Continue to link the script
u-boot.lds.
Line 11 of the
u-boot.lds file
is the vectors section. The vectors section saves the interrupt table.
From vectors.S , we know that
the code of vectors.S is stored in the vectors section.
From the u-boot.map file, we can see that the starting address of the vectors segment is also
0X87800000
, which means that the starting address of the entire
uboot
is
0X87800000
. This is why
the link starting address of our bare metal routine is
0X87800000
. The purpose is to
uboot
is consistent.
From the link script u-boot.lds, we can see: Line 12
puts
the code compiled by
arch/arm/cpu/armv7/start.s behind the interrupt vector table.
Line
13
is
the text
segment, and other code segments are placed here.
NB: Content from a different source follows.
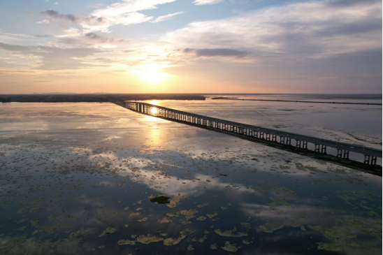 “大环线”引领,霍邱交通网络提质升级。在皖北交旅融合发展的宏伟蓝图中,“旅游大环线”作为核心骨干,全长约828公里,依托G328、S319、G329等多条公路,串联淮北、亳州、宿州、蚌埠、阜阳、淮南及滁州市明光、凤阳和六安市霍邱共28个县(市、区)。这一宏大的交通网络布局,联通皖北超80%的省级以上文旅品牌项目,实现了核心资源串珠成链,精彩环游,霍邱县正处于这一交通网络的重要节点。近年来,霍邱县加快推进交通基础设施建设,G328霍邱段一级公路改建工程作为重点项目之一,尤其是跨城东湖段近5公路与S20高速共用一桥,以双层桥梁的超高规划实施,不仅改善了区域交通条件也形成了人文景观,更成为促进交旅融合的重要纽带。
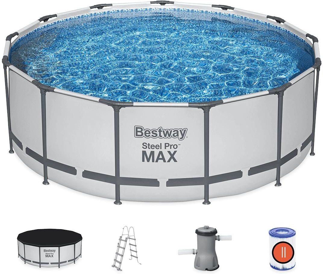OpisZapraszamy do wprowadzenia do swojego ogrodu luksusowego i wyjątkowego basenu ogrodowego na stelażu STEEL PRO MAX. Stwórz swoją oazę spokoju i relaksu, gdzie wakacyjna atmosfera będzie zawsze na wyciągnięcie ręki. Dzięki solidnym ścianom basenu zbudowanym z innowacyjnego materiału DuraPlus™, wzmocnionego siatką poliestrową i dwoma warstwami PVC, nasz basen zapewni Ci niezrównaną wytrzymałość i trwałość przez wiele sezonów letnich kąpieli. System ClickConnect™ sprawia, że montaż staje się łatwy i przyjemny, a stalowy stelaż, odporny na korozję, gwarantuje stabilność i bezpieczeństwo podczas użytkowania. Montaż naszego basenu to zaledwie 20 minut, dzięki czemu szybko będziesz mógł cieszyć się orzeźwiającą wodą w gorące letnie dni. Kompatybilność z różnymi systemami filtrującymi, takimi jak Flowclear™, zapewnia Ci czystość wody przez cały czas użytkowania basenu. W zestawie znajdziesz wszystko, czego potrzebujesz do rozpoczęcia sezonu kąpielowego: jeden basen, pompa filtrująca, drabina ułatwiająca wejście i wyjście z wody, przykrycie basenu na noc oraz łatka naprawcza na wypadek drobnych uszkodzeń. Daj sobie luksus i komfort, który zasługujesz, i wprowadź do swojego życia nasz basen ogrodowy na stelażu STEEL PRO MAX. Oaza spokoju i relaksu czeka na Ciebie!Cechy produktuPojemność wodna (90%): 12 690 l (3,352 gal.) Ściany basenu są zbudowane z DuraPlus™, materiału wzmocnionego rdzeniem z siatki poliestrowej i dwóch warstw PVC o dużej grubości, co zapewnia doskonałą wytrzymałość i trwałość ClickConnect System™ — doskonały, odporny na korozję stalowy stelaż z technologią quick-click dla łatwego montażu Nadruk Realistic Prismatic Stone™ zapewnia basenowi piękny wygląd, z teksturą i intensywnym niebieskim kolorem w wewnętrznej części niecki Łatwy 20 minutowy montaż 220-240V~, 3028 l (800 gal.) natężenie przepływu wody przez pompę, 2195 l (580 gal.) natężenie przepływu wody w zintegrowanym systemie basenowym Kompatybilny z wkładem 58094 (II) Basen jest wyposażony w złącza zapewniające kompatybilność z pompami filtrującymi Flowclear™ Wbudowany zawór spustowy z kontrolą przepływu łączy się z wężem ogrodowym (z dołączonym adapterem), aby łatwo spuścić wodę Okrągły kształt oznacza łatwy montaż, zwiększoną stabilność i mniej marnowanej przestrzeni Zawartość: jeden basen, pompa filtrująca, drabina, przykrycie basenu, łatka naprawczaWymiaryŚrednica - 396 cmWysokość - 122 cm

There are some "variables" related to addresses in u-boot.lds that we need to pay attention to. We will analyze the
u
-boot source code later.
It will be used sometimes, and these variables cannot be determined until the final compilation is completed! ! ! For example, the values of these "variables" after I complete the compilation.
As follows:
| variable | numerical value | describe |
| __image_copy_start | 0x87800000 | The first address of uboot copy |
| __image_copy_end | 0x8786b03c | End address of uboot copy |
|
__rel_dyn_start
|
0x8786b03c |
.rel.dyn segment starting address
|
|
__rel_dyn_end
|
0x8787459c |
.rel.dyn segment end address
|
|
_image_binary_end
|
0x8787459c |
Mirror end address
|
|
__bss_start
|
0x8786b03c |
.bss section starting address
|
|
__bss_end
|
0x878b7314 |
.bss section end address
|
The "variable" values in the above table can be found in the u-boot.map file. Except for __image_copy_start , other variable values may change each time you compile. If you modify the uboot code, modify the uboot configuration, and select a different Optimization levels, etc. will affect these values. Therefore, everything is subject to actual value!